◆ WHAT IS NEEDED
Write out the records that appear below, verbatim and complete, but without pictures.

◆ Collection entries

● ● ● ● ●

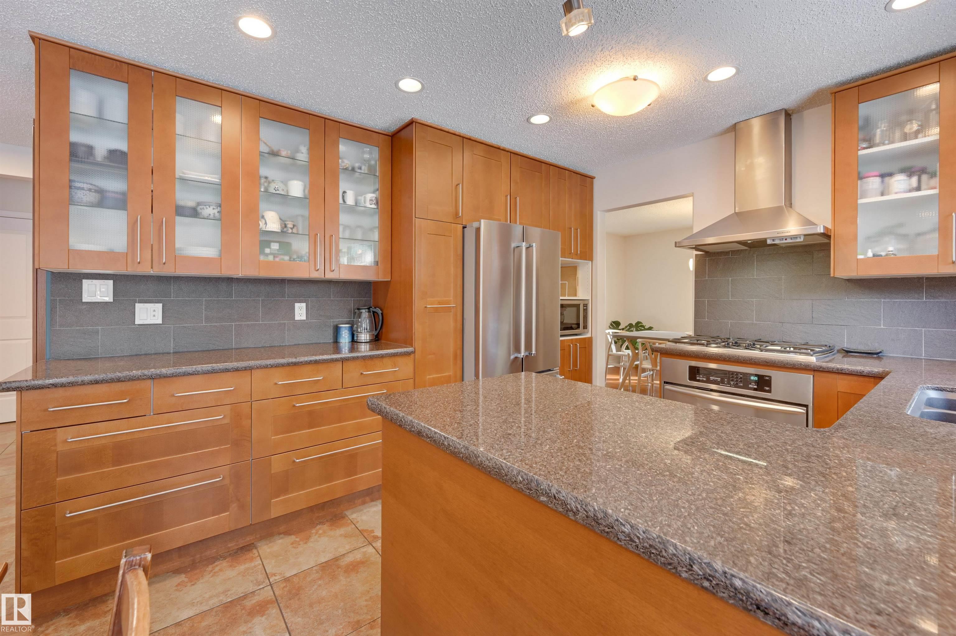 Rare opportunity to live across from Wolf Willow Park with sweeping ravine views and direct access to Edmonton’s River Valley trail system. This beautifully renovated 2,295 sq ft two-storey offers the perfect balance of nature and city convenience—just minutes from everyday amenities. Enjoy a peaceful setting where birdsong fills the air and deer are often seen from your front window. A spacious foyer welcomes guests and opens to elegant formal living and dining rooms ideal for entertaining. The chef’s kitchen features stainless steel appliances, granite countertops, rich maple cabinetry, and under-cabinet lighting. A bright breakfast nook and inviting family room overlook the private backyard, creating warm everyday living space. Upstairs offers four generous bedrooms and 2 full baths, including a spacious primary retreat. An exceptional home combining comfort, lifestyle, and one of Edmonton’s most desirable ravine locations. with large windows the spacious basement is bright and inviting.
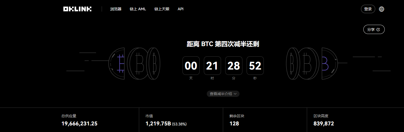 颇为戏剧性的是, 截至发文时,OKLink 数据显示距比特币第四次减半已不足 22 小时,但市场却以一种「资产提前减半」的姿态给大家泼了一盆冷水,让市场预期愈发悲观 。
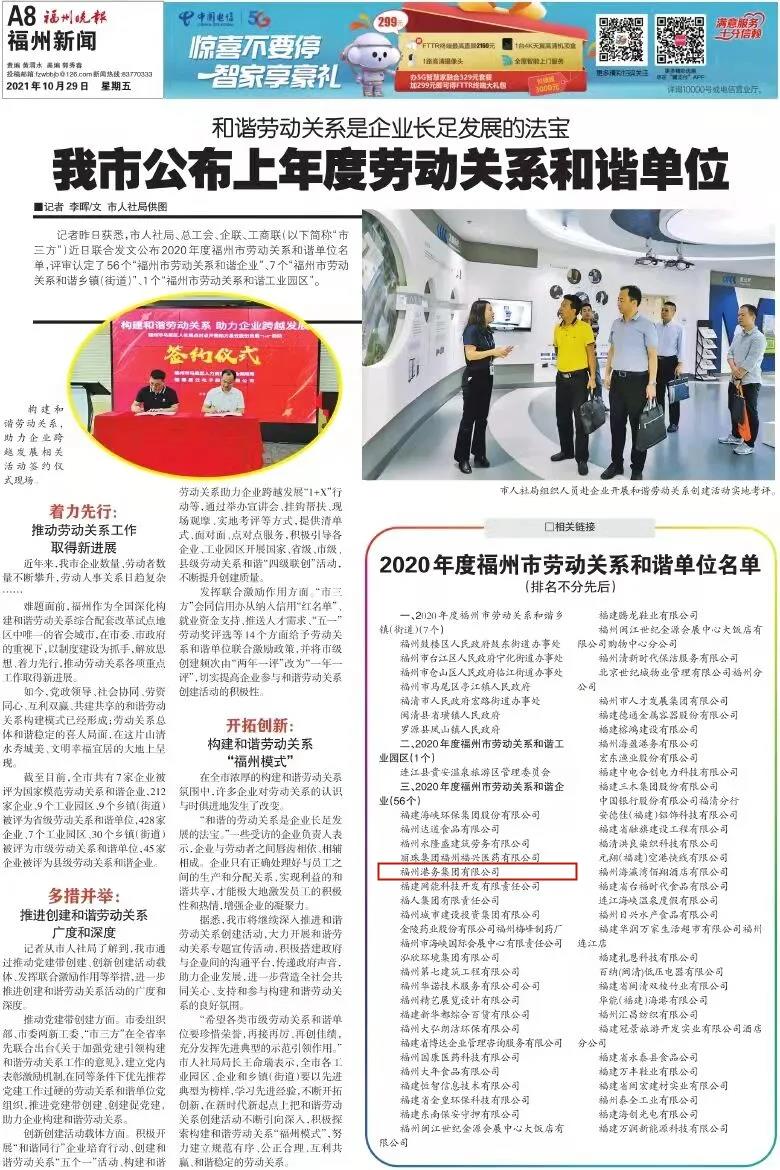 近日,福州市人力资源和社会保障局、市总工会、市企业与企业家联合会、市工商业联合会授予福州港务集团有限公司“2020年度福州市劳动关系和谐企业”荣誉称号。
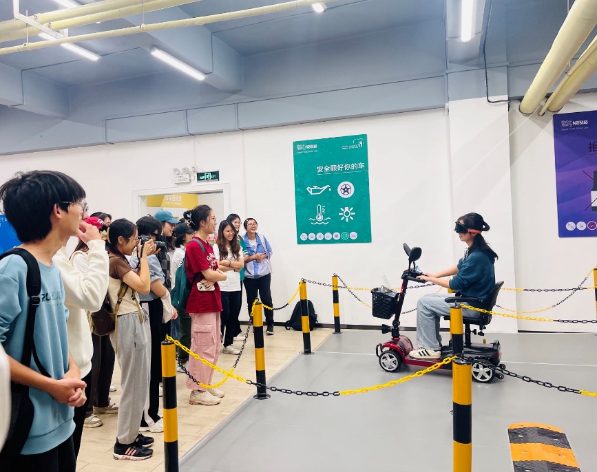 同学们还参观了徐福记安全体验馆。馆里设有醉驾模拟、卷机模拟、切机体验、夹机体验、火灾逃生模拟体验、高空作业体验等多个互动区。大家沉浸式地学习和体验安全知识,对生产安全的重要性有了更加深刻的体会。
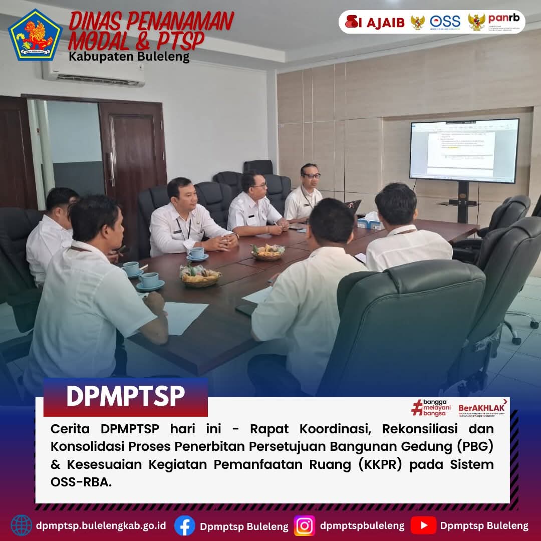 Adapun rapat ini terselenggara sebagai tindak lanjut atas laporan hasil pemeriksaan BPK RI Tahun 2025 dan Inspektorat Daerah Kabupaten Buleleng pada Triwulan III tahun 2025 serta pemecahan permasalahan yang dihadapi pada proses penerbitan perizinan dasar PBG dan KKPR, sesuai dengan penerapan aturan PP No. 28 Tahun 2025 guna menyamakan persepsi dan informasi yang akan disampaikan ke masyarakat terkait langkah – langkah pelayanan yang diberikan (WA MPP, Layanan Tata Ruang, PBG).
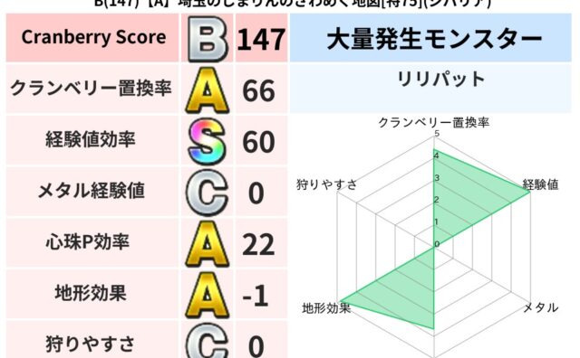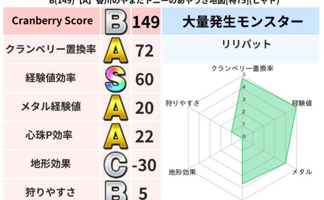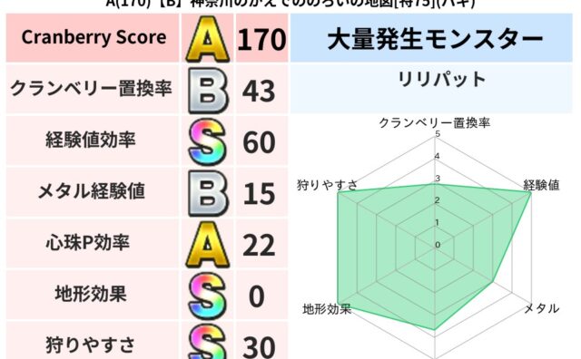 クランベリーボット判定結果の詳細クランベリースコア:142クランベリー置換率:52%大量発生モンスター:リリパットイオ超耐性(10%)こころ道 完全一致モンスターヘルボックル: 魔剣士(魔道Lv30)ばくだん岩: 大神官(舞道Lv5)デンタ...
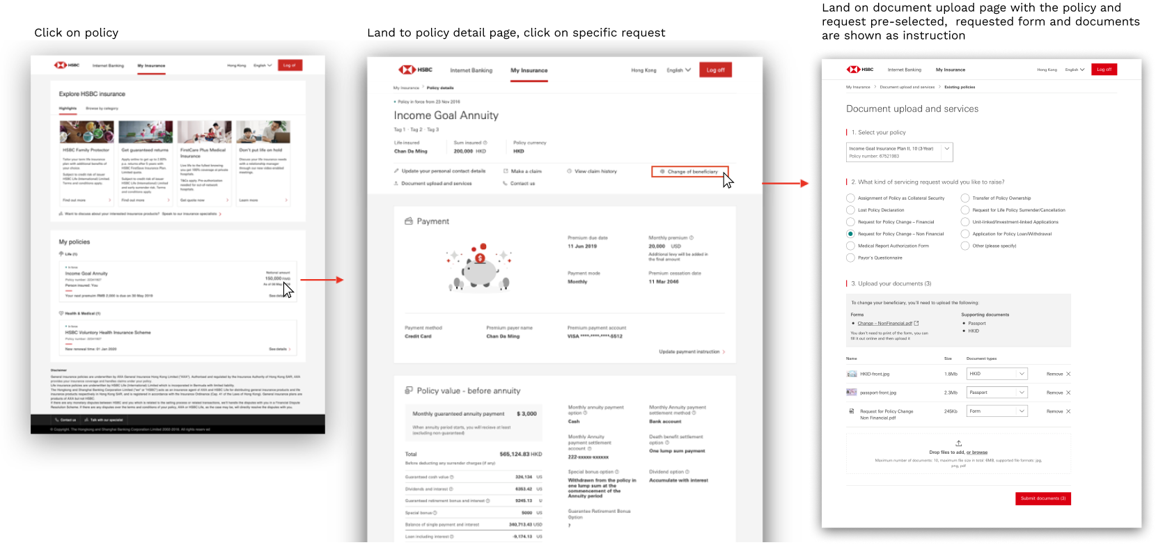If customers want to make any changes to their existing policies, e.g. change of beneficiaries (not all of journey online are online yet). Therefore, customers would have to submit a form together with supporting documents (e.g. ID copy)
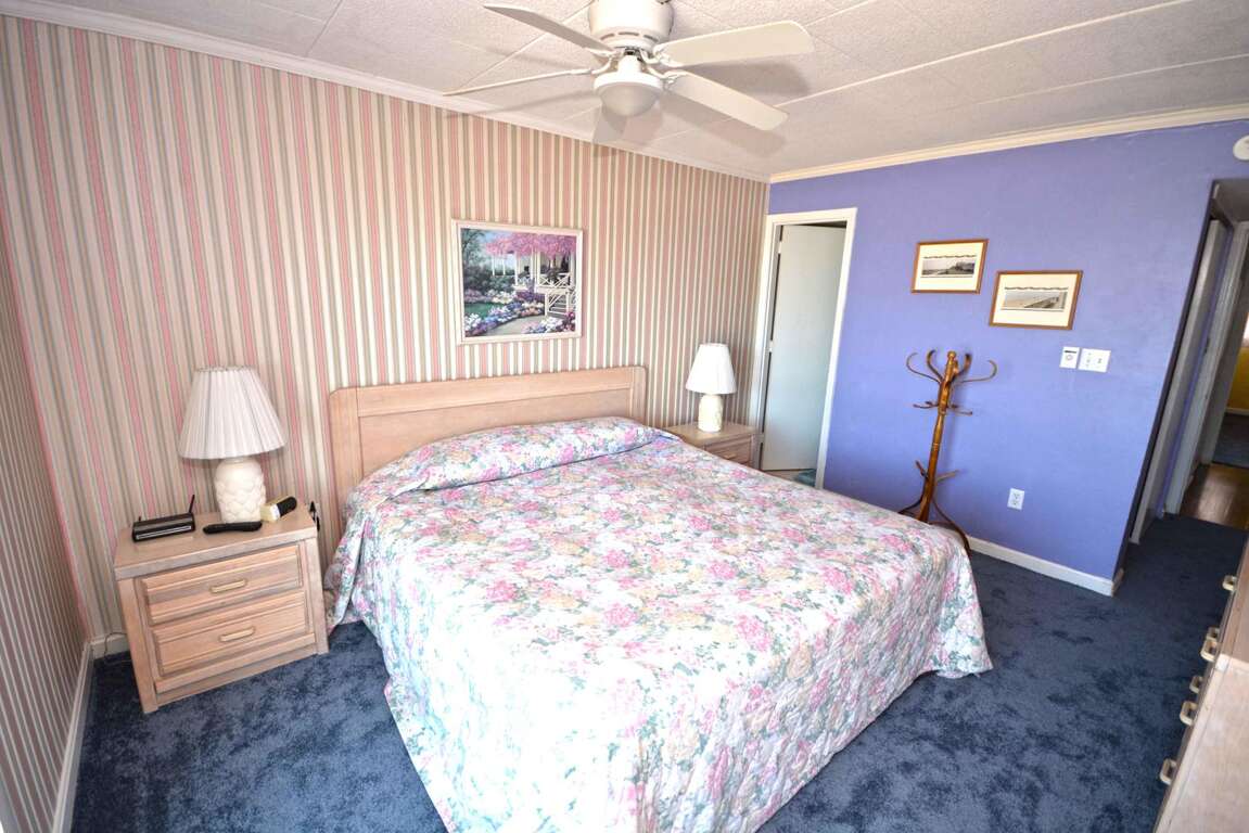 Highlighting the luxurious accommodations within Ocean Hideaway 301 Condo, the bedroom features offer a blend of comfort and style for a restful retreat by the ocean. The master bedroom is elegantly furnished with a king-size bed, granting ultimate relaxation. It boasts balcony access, perfect for unwinding with a view of the ocean, a TV for entertainment, and a private bath for added convenience. The second bedroom is ideal for families, featuring two queen-size beds, ensuring a comfortable stay for all guests. A hallway leads to the second bathroom, providing ample space and privacy. These family-friendly amenities create a welcoming atmosphere for up to 8 guests, where everyone can enjoy the tranquility and beauty of Ocean City.

● ● ● ● ●

◆ ANSWER SECTION
 Rare opportunity to live across from Wolf Willow Park with sweeping ravine views and direct access to Edmonton’s River Valley trail system. This beautifully renovated 2,295 sq ft two-storey offers the perfect balance of nature and city convenience—just minutes from everyday amenities. Enjoy a peaceful setting where birdsong fills the air and deer are often seen from your front window. A spacious foyer welcomes guests and opens to elegant formal living and dining rooms ideal for entertaining. The chef’s kitchen features stainless steel appliances, granite countertops, rich maple cabinetry, and under-cabinet lighting. A bright breakfast nook and inviting family room overlook the private backyard, creating warm everyday living space. Upstairs offers four generous bedrooms and 2 full baths, including a spacious primary retreat. An exceptional home combining comfort, lifestyle, and one of Edmonton’s most desirable ravine locations. with large windows the spacious basement is bright and inviting.
 颇为戏剧性的是, 截至发文时,OKLink 数据显示距比特币第四次减半已不足 22 小时,但市场却以一种「资产提前减半」的姿态给大家泼了一盆冷水,让市场预期愈发悲观 。
 近日,福州市人力资源和社会保障局、市总工会、市企业与企业家联合会、市工商业联合会授予福州港务集团有限公司“2020年度福州市劳动关系和谐企业”荣誉称号。
 同学们还参观了徐福记安全体验馆。馆里设有醉驾模拟、卷机模拟、切机体验、夹机体验、火灾逃生模拟体验、高空作业体验等多个互动区。大家沉浸式地学习和体验安全知识,对生产安全的重要性有了更加深刻的体会。
 Adapun rapat ini terselenggara sebagai tindak lanjut atas laporan hasil pemeriksaan BPK RI Tahun 2025 dan Inspektorat Daerah Kabupaten Buleleng pada Triwulan III tahun 2025 serta pemecahan permasalahan yang dihadapi pada proses penerbitan perizinan dasar PBG dan KKPR, sesuai dengan penerapan aturan PP No. 28 Tahun 2025 guna menyamakan persepsi dan informasi yang akan disampaikan ke masyarakat terkait langkah – langkah pelayanan yang diberikan (WA MPP, Layanan Tata Ruang, PBG).
 クランベリーボット判定結果の詳細クランベリースコア:142クランベリー置換率:52%大量発生モンスター:リリパットイオ超耐性(10%)こころ道 完全一致モンスターヘルボックル: 魔剣士(魔道Lv30)ばくだん岩: 大神官(舞道Lv5)デンタ...
If customers want to make any changes to their existing policies, e.g. change of beneficiaries (not all of journey online are online yet). Therefore, customers would have to submit a form together with supporting documents (e.g. ID copy)
 Highlighting the luxurious accommodations within Ocean Hideaway 301 Condo, the bedroom features offer a blend of comfort and style for a restful retreat by the ocean. The master bedroom is elegantly furnished with a king-size bed, granting ultimate relaxation. It boasts balcony access, perfect for unwinding with a view of the ocean, a TV for entertainment, and a private bath for added convenience. The second bedroom is ideal for families, featuring two queen-size beds, ensuring a comfortable stay for all guests. A hallway leads to the second bathroom, providing ample space and privacy. These family-friendly amenities create a welcoming atmosphere for up to 8 guests, where everyone can enjoy the tranquility and beauty of Ocean City.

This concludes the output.